Il film di Steno, Un Americano a Roma, è una satira pungente dell'Italia del dopoguerra, un paese affascinato dall'America e dai suoi miti, ma ancora profondamente legato alle proprie tradizioni. Nando Moriconi, interpretato da un Sordi in stato di grazia, è l'emblema di questa contraddizione. Giovane romano ossessionato dal sogno americano, Nando si atteggia a cowboy, imita i divi di Hollywood e disprezza tutto ciò che è italiano. Ma quando si tratta di cibo, la sua identità riemerge prepotentemente.

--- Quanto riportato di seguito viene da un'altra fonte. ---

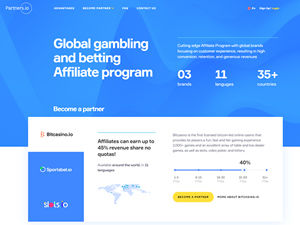 Partners.io is the official affiliate program for Bitcasino.io, Sportsbet.io, Slots.io. We have all the expected features you might find on most affiliate programs. What sets Partners.io apart from everyone else is the pioneers behind Partners.io. We ensure that affiliates and customers are given the best possible experience, from speed, rewards, loyalty, our multilingual, and global approach to everything we do. With up to 45% Revenue Share deal on offer, it's time to start profitable cooperation! Sign up now!
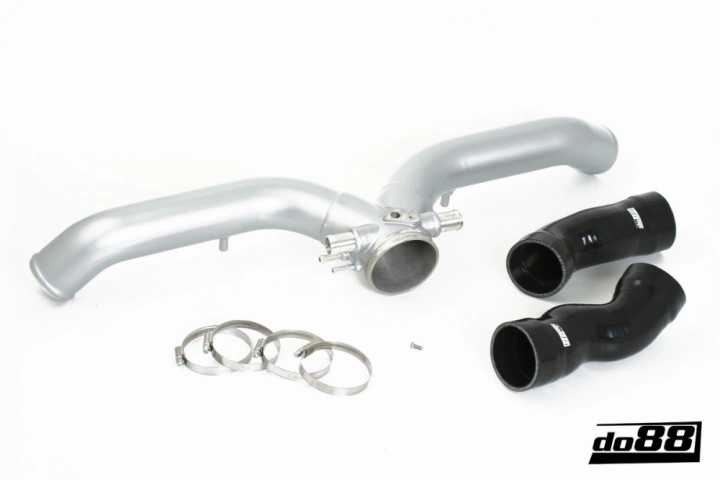 The kit also includes 2 high quality custom designed silicone hoses which is available in two different versions. Which version you need depends on if you will install the y-pipe together with the OEM intercoolers or the do88 performance intercoolers. You can make your choice of hoses in the drop list above.
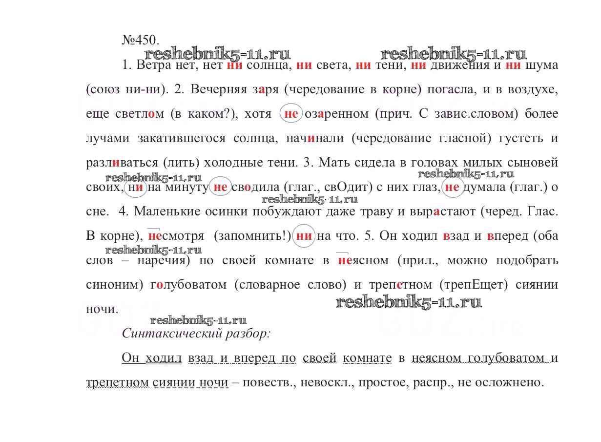 Русский язык за 7 класс Баранов Учебник УМК Просвещение упражнение 450
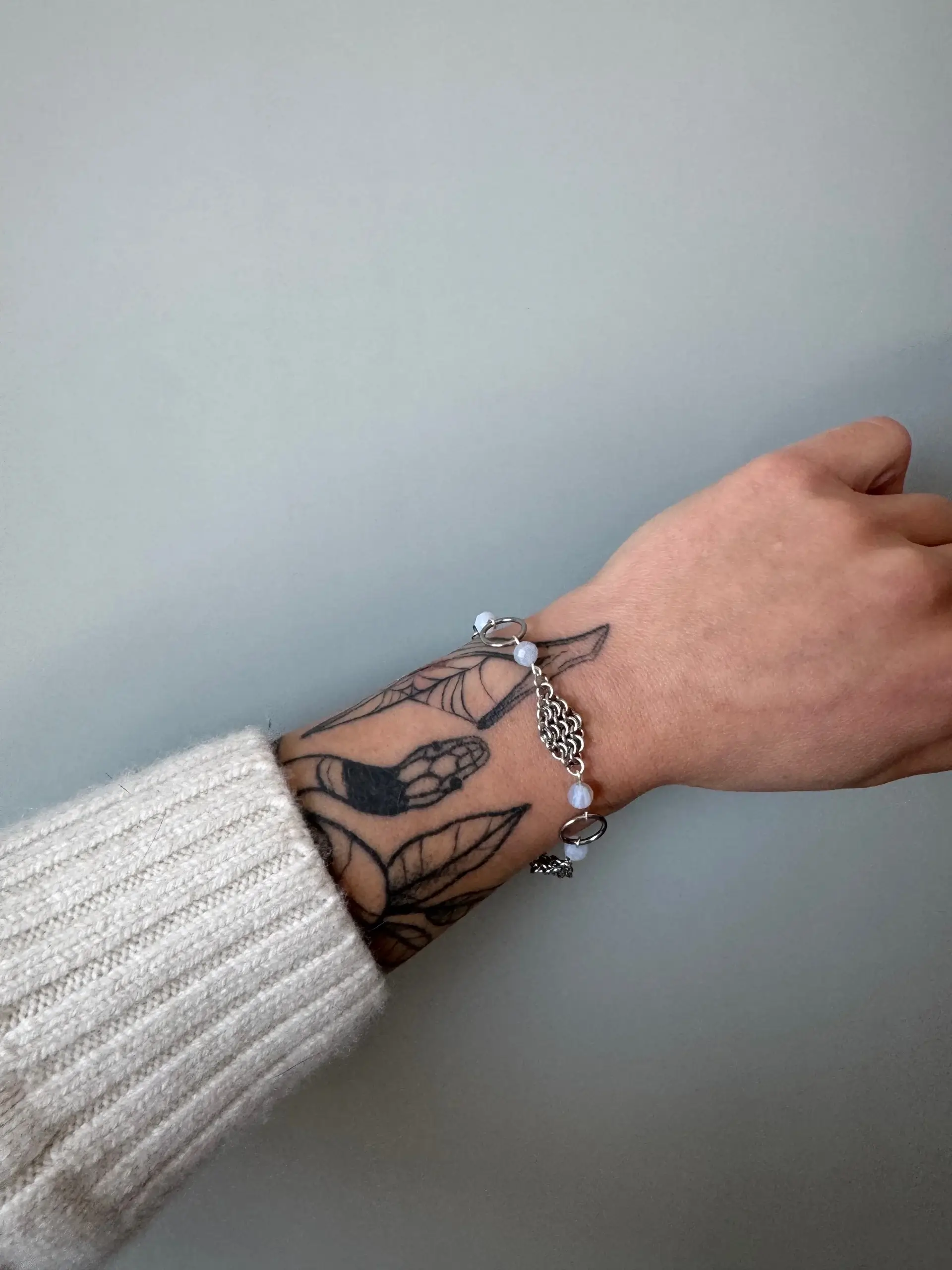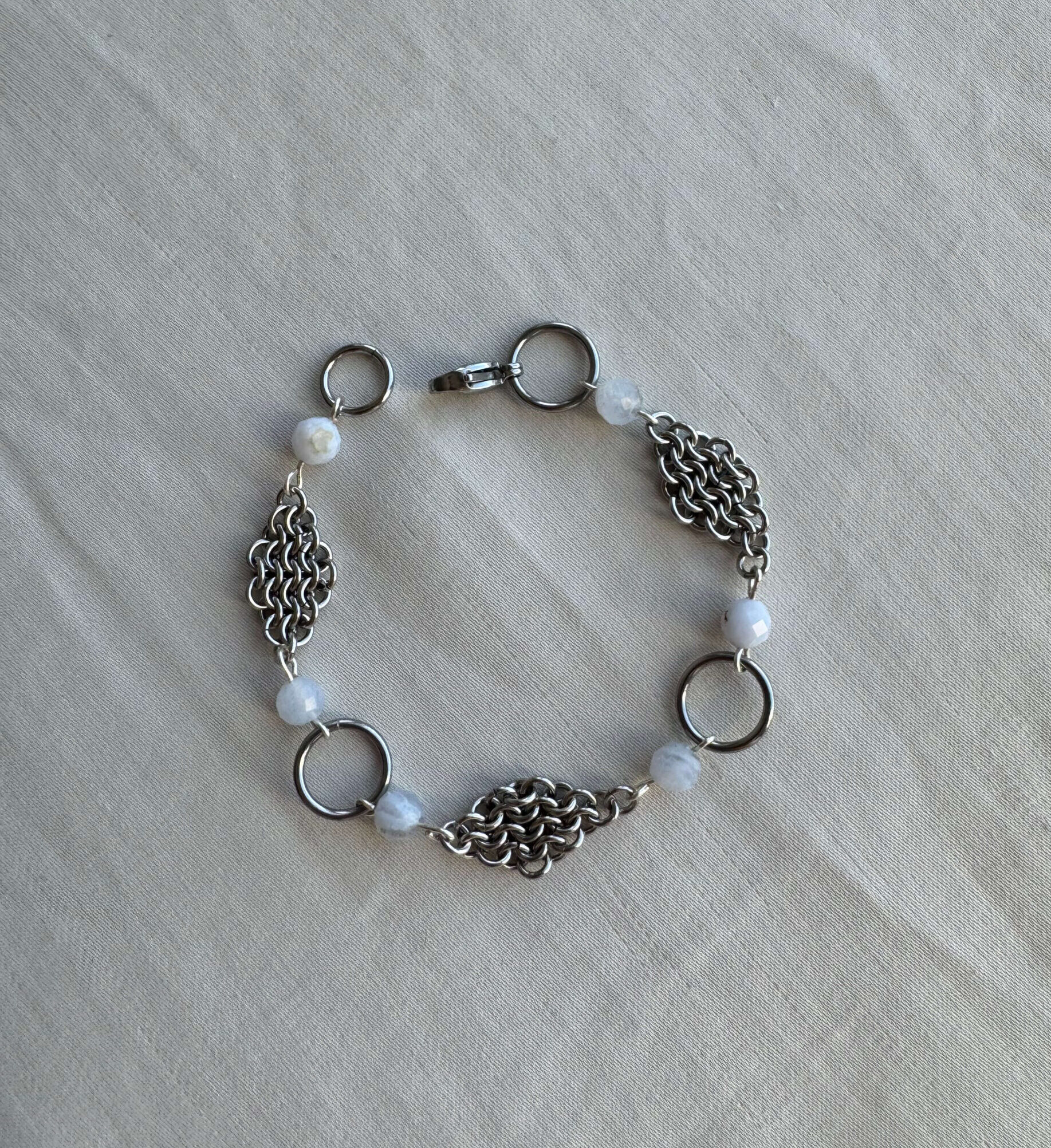 Fluid, balanced, and celestial. This chainmail gemstone bracelet is built from micromaille, circular forms, and blue lace agate details arranged in a continuous rhythm. Each element connects and repeats, creating a sense of motion that feels both grounded and in orbit. Lightweight yet present, this piece becomes part of your everyday movement.
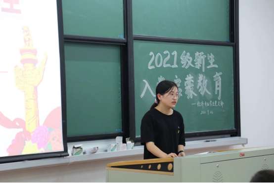 经济专业学生党支部沈逾莹同志向新生介绍了支部概况、党员发展的基本程序和相关要求,同时对入党申请书和思想汇报的规范性进行了强调。
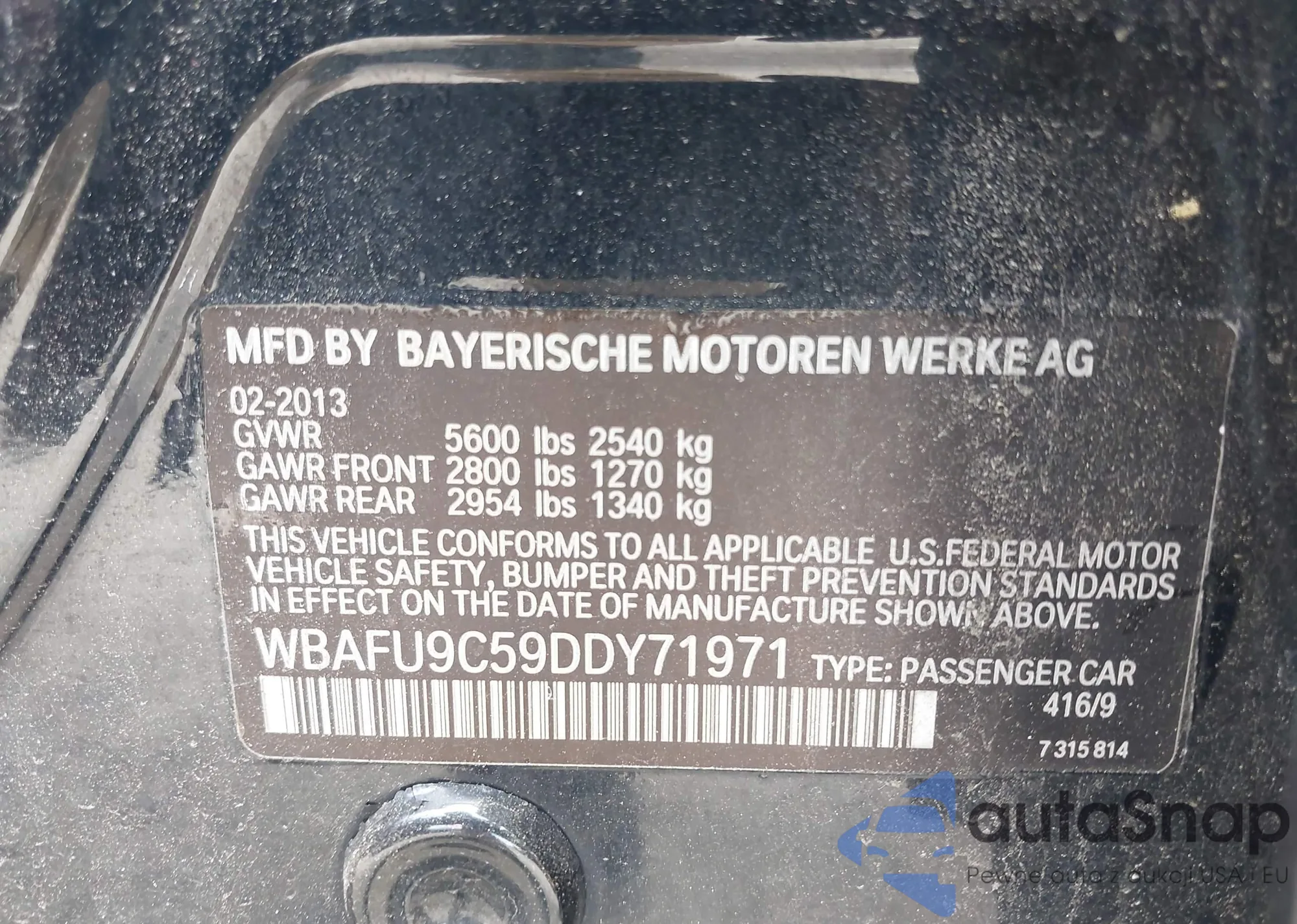 LOT: 42530235 VIN: WBAPK5G50BNN29913

La Scena degli Spaghetti: Un Rito di Passaggio

La scena degli spaghetti è il cuore pulsante del film. Dopo aver tentato, con risultati disastrosi, di imitare le abitudini alimentari americane (ketchup sulla pasta, senape sul gelato), Nando si ritrova di fronte a un piatto fumante di spaghetti al pomodoro. La sua reazione è istintiva, primordiale. Dimentica il suo ruolo di "americano", afferra la forchetta e si abbandona a un'abbuffata pantagruelica.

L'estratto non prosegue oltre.